> _Problem details_: What you should give back is a precise copy of the lines below from the one containing "Hard, hairy, sweaty pecs on the rugby field." through the one containing "2. Push the", with no pictures.

> _Input_:

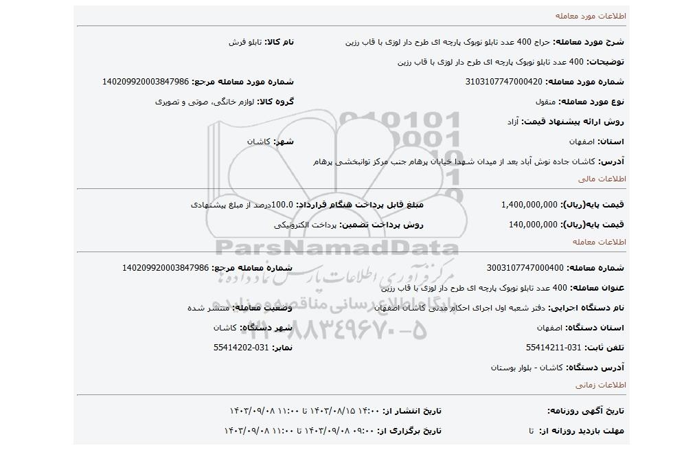 | شماره مورد معامله: 3103107747000420 | شماره مورد معامله مرجع: 140209920003847986 | |
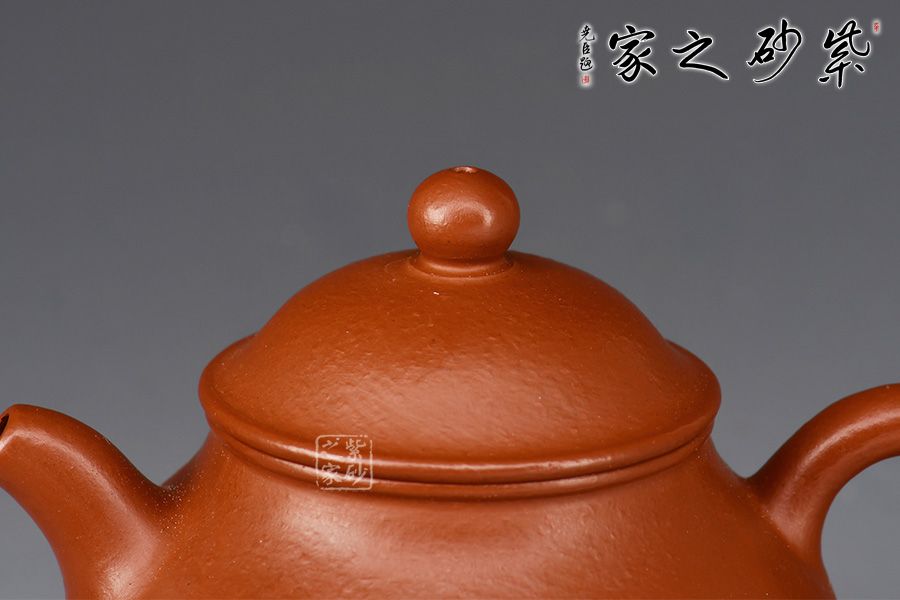 口蓋子母線天壓地,壺蓋中央一粒圓珠壺鈕,工藝細(xì)致,整體光素簡(jiǎn)潔,憨厚質(zhì)樸,有返璞歸真之美感。
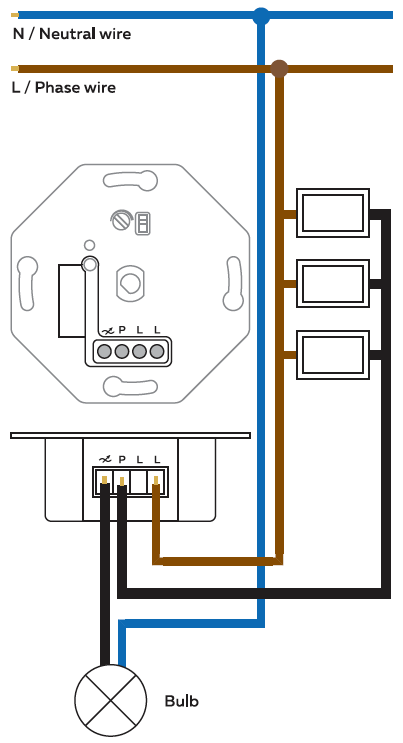 - L (brown): Connect the phase wire to the L connection of the dimmer and run an extra wire to the switches..
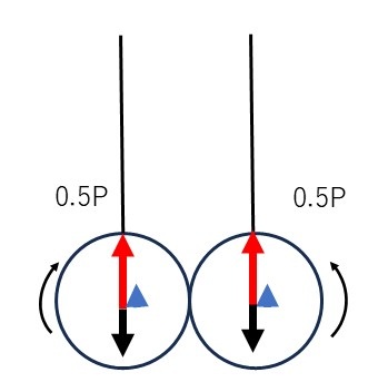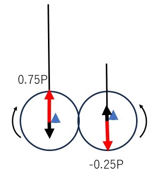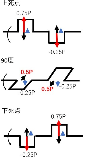 クランク半径/コンロッド長を1/4、上死点での1次慣性力をPとすると、上死点、90度/270度回転、下死点での慣性力は次の表のとおり(上死点方向がプラス、下死点方向がマイナス)。
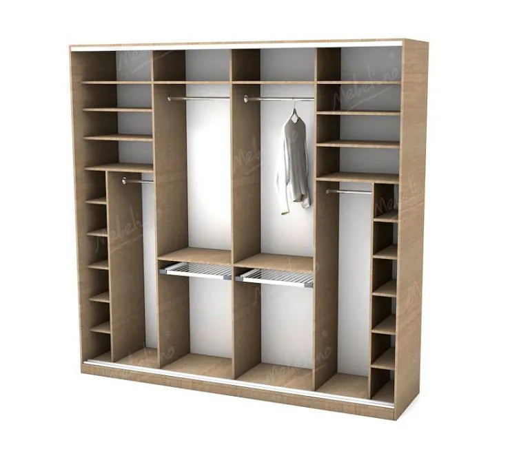 В наполнении данного шкафа используются: 22 полки; 4 штанги; 2 полки для брюк.
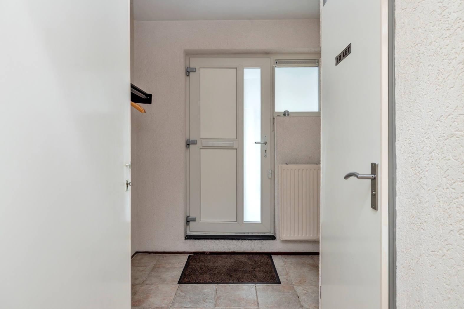 Via de galerij bereik je de voordeur, waar zich meteen jouw tweede berging bevindt — ideaal voor extra opslag binnen handbereik. Zodra je binnenstapt in de ruime hal heb je direct toegang tot de meterkast, de garderobe, de stookruimte met c.v.-opstelling en het toilet. Alles overzichtelijk en praktisch geordend, precies zoals je het bij binnenkomst graag ziet.
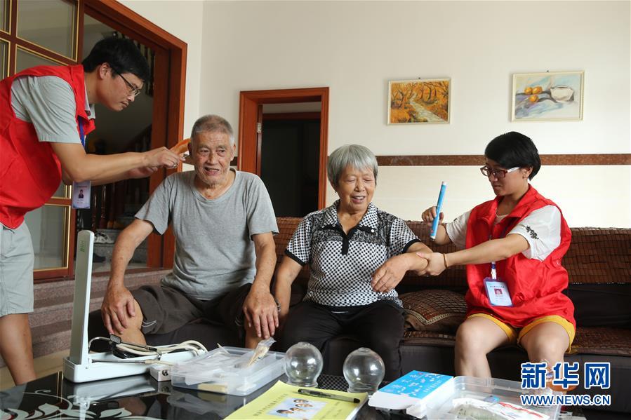 8月13日,在德清县乾元镇联合村,费云峰(左)、严红芳(右)为村民进行慢性病治疗。新华社发(倪立芳 摄)
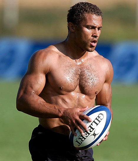 Hard, hairy, sweaty pecs on the rugby field.
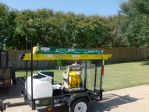 Here is my rig. Pump is under hose reel mounts. 5850 Devlin pump for chemical transfer. Rigid air compressor is carried in the back of my truck. Just got tanks lettered. I am also working on a sign for the back of trailer but want to wait until website is done to include web address on sign. I found bucket truck cheap at the auto auction. Never know when it will come in handy.-
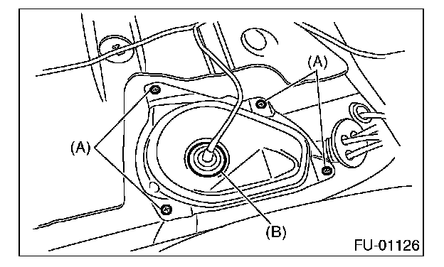 2. Push the grommet (B) down under the body and remove the service hole cover.
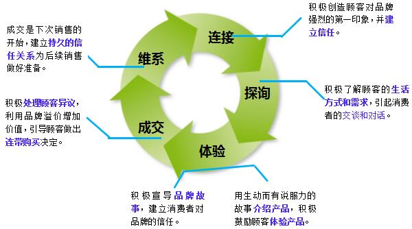 過去,我們的店鋪生意邏輯是依靠“進店量”和成“成交率”,即“流量”和所謂的“銷售技巧”來獲取銷售額,影響銷售額的緯度是“銷售”和“平均價格”。今天,這套銷售模式越來越不靈了,即使選取了好的渠道位置,但發(fā)現(xiàn)“成交率”和“平均價格”上不去。如何去突破傳統(tǒng)零售的困局呢? 傳統(tǒng)零售生意要改變過去依靠”流量“的銷售思維,利用線下門店”強體驗、強關系“的優(yōu)勢,將”流量“客戶轉(zhuǎn)化為“忠誠客戶”,將會員客戶轉(zhuǎn)化為Fans,并讓Fans口口相傳,成為業(yè)績的終身貢獻者。我們如何在終端門店留住我們的客戶呢?為我們的客戶創(chuàng)造“愉悅和驚喜”的購物體驗呢?讓我們的客戶再次光顧并成為Fans呢? 好的顧客體驗是區(qū)別于競爭對手的軟實力,好的顧客體驗自然會帶來“流量”,再將“流量”客戶轉(zhuǎn)化為Fans。通過與Fans的互動,更加強化了與客戶建立持久的客情關系。 傳統(tǒng)零售店鋪如何轉(zhuǎn)變? 一般而言,店面形象、貨品、空間等都是公司總部統(tǒng)一設計和開發(fā)的,終端店鋪很難改變,人員形象、環(huán)境衛(wèi)生、溫度也是總部統(tǒng)一制訂的標準,唯有“終端服務”這一項彈性空間很大,很難標準化。今天在這里我們重點探討“終端服務”。我們對標全球零售體驗標準,并從上千家通訊、服裝、珠寶鐘表終端門店成功經(jīng)驗基礎上總結(jié)出提升客戶體驗、與客戶建立持久關系的方法論:五步十字法--體驗式銷售流程。(如下圖) 終端銷售不是簡單的幫客戶買東西,而是在滿足顧客需求的過程中,為顧客創(chuàng)造“愉悅”和“驚喜”的購物感受。我們倡導銷售要基于顧客立場,要基于顧客購買流程來設計銷售流程。銷售首先要解決的問題是“信任”,這就要求導購掌握“連接”的技巧,快速與顧客建立信任,形成對品牌的第一印象。 緊接著要探詢顧客的需求,客戶需要的不是一把錘子,也不是一個釘子,而是要把衣服掛起來。當顧客說要買一個戒指時,導購如果只是一味的推薦戒指,并沒有滿足顧客的需求。在這里要區(qū)分一個概念:用戶和客戶的區(qū)別,如果是自己戴,顧客就是用戶,如果是送人,收禮的那個人就是用戶。導購應該探詢用戶的喜歡、風格和用途,如果盲目的推銷不僅不能滿足顧客的需求,反而會影響最終成交。 掌握了用戶的需求后,一定要積極引導顧客引戴/穿,體驗產(chǎn)品帶給顧客的美妙感覺,導購要善于為顧客描繪一個有吸引力的場景,讓顧客幻想未來在某個特定的場景下的狀況。聰明的導購一般會善用人的左、右大腦的功能,先預設一個美妙的場景或故事,再通過輔助工具不斷驗證,最后再以美妙的故事結(jié)束體驗。 當顧客還沉浸在美妙的場景中時,導購要積極主動促成顧客成交。成交是一個過程,不是一個結(jié)果。如果“連接”、“探詢”、“體驗”讓客戶感覺良好,導購可以輕易解除顧客異議,并順利成交。 “成交”不是銷售的結(jié)束,而是新的銷售的“開始”。常規(guī)的客戶維系為什么會失敗呢?我認為做好客戶維系至少需要做好這兩點: 1、以客戶為中心:常規(guī)的客戶維系的出發(fā)點是站在銷售的立場,目的性太明顯,沒有把握住客戶的需求。從關心顧客的角度出發(fā),更容易獲得顧客的認可和支持。 2、與客戶充分互動:等到需要顧客支持的時候才想起顧客的維系,會讓顧客感覺不好,只有充分了解顧客的生活方式,功課做在平時,與顧客建立良性的互動關系,顧客才會變成你的Fans。 總之,客戶維系不是一時之功,功在平時,功在積累,功在用心。細節(jié)決定成敗,做好零售運營,一切盡在細節(jié)。 |
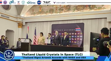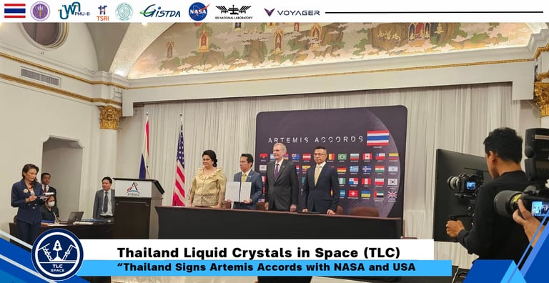 16 December 2024, Thailand is the 51st country to join the Artemis Accords, a framework for cooperation in Moon exploration and beyond. Signing ceremony by Director of Gistda witnessed by the Minister of Higher Education Science Research and Innovation of Thailand (MHESI) and Ambassador of USA to Thailand. Speeches given by Thailand Minister of MHESI and Senator Bill Nelson, Director of NASA. Thailand Liquid Crystals in Space (TLC) is joining the ceremony and space exhibition to celebrate the event.
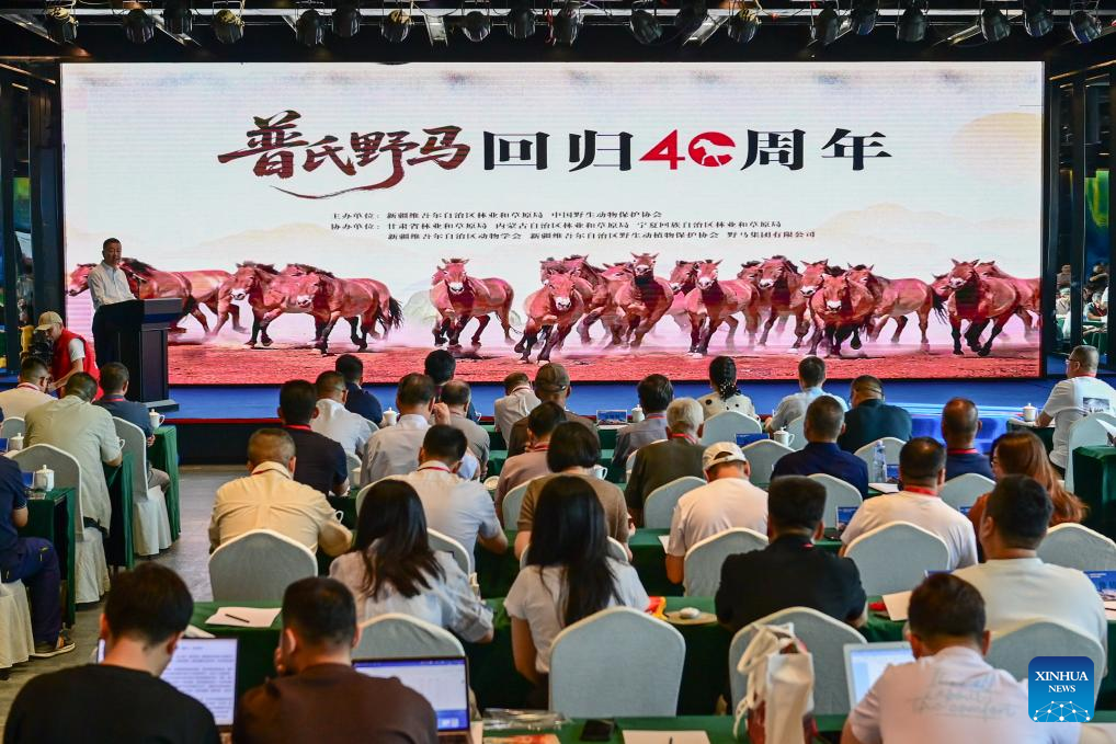 An event marking 40 years since Przewalski's horses' reintroduction to China is held in Urumqi, northwest China's Xinjiang Uygur Autonomous Region, Aug. 6, 2025. The population of Przewalski's horses in China has surpassed 900, accounting for one-third of the global total, according to officials. The details were announced at a recent event in Urumqi, northwest China's Xinjiang Uygur Autonomous Region, marking 40 years since the species was reintroduced to China. The growth in the horse's population in China has been internationally recognized as a successful model for species reintroduction. (Xinhua/Ding Lei)
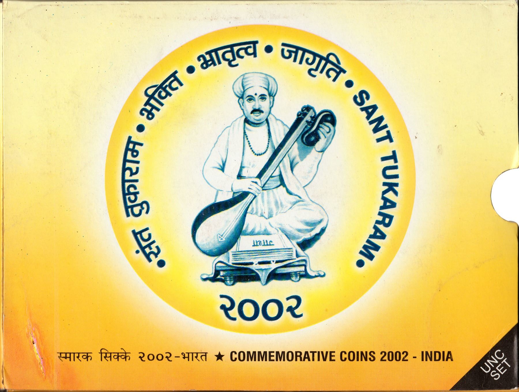Republic India, 2002, UNC Set, Original Strike Issue, Sant Tukaram, Set of 3 Coins, Silver 100 Rupees, Copper-Nickel 50 Rupees & 10 Rupees, Kolkata Mint, (KM # MS 60/RB # 249), intact in the blister pack, preserved in the original packing, UNC.
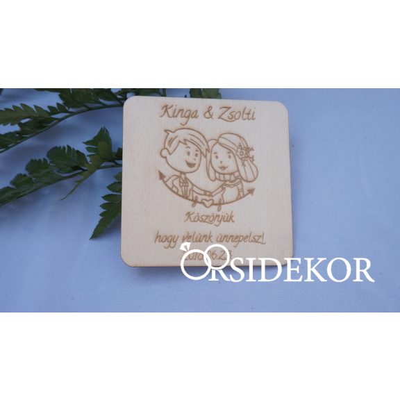 Kérjük, a rendelési folyamat végén található „Megjegyzés” rovatban tüntesd fel a neveket, a dátumot és a köszönőszöveget! Ebből egy mintát készítünk, amit átküldünk emailben véglegesítésre, és ha rendben találjátok, indulhat a gyártás.

> _Your solution_:
 Hard, hairy, sweaty pecs on the rugby field.
 Here is my rig. Pump is under hose reel mounts. 5850 Devlin pump for chemical transfer. Rigid air compressor is carried in the back of my truck. Just got tanks lettered. I am also working on a sign for the back of trailer but want to wait until website is done to include web address on sign. I found bucket truck cheap at the auto auction. Never know when it will come in handy.-
 2. Push the grommet (B) down under the body and remove the service hole cover.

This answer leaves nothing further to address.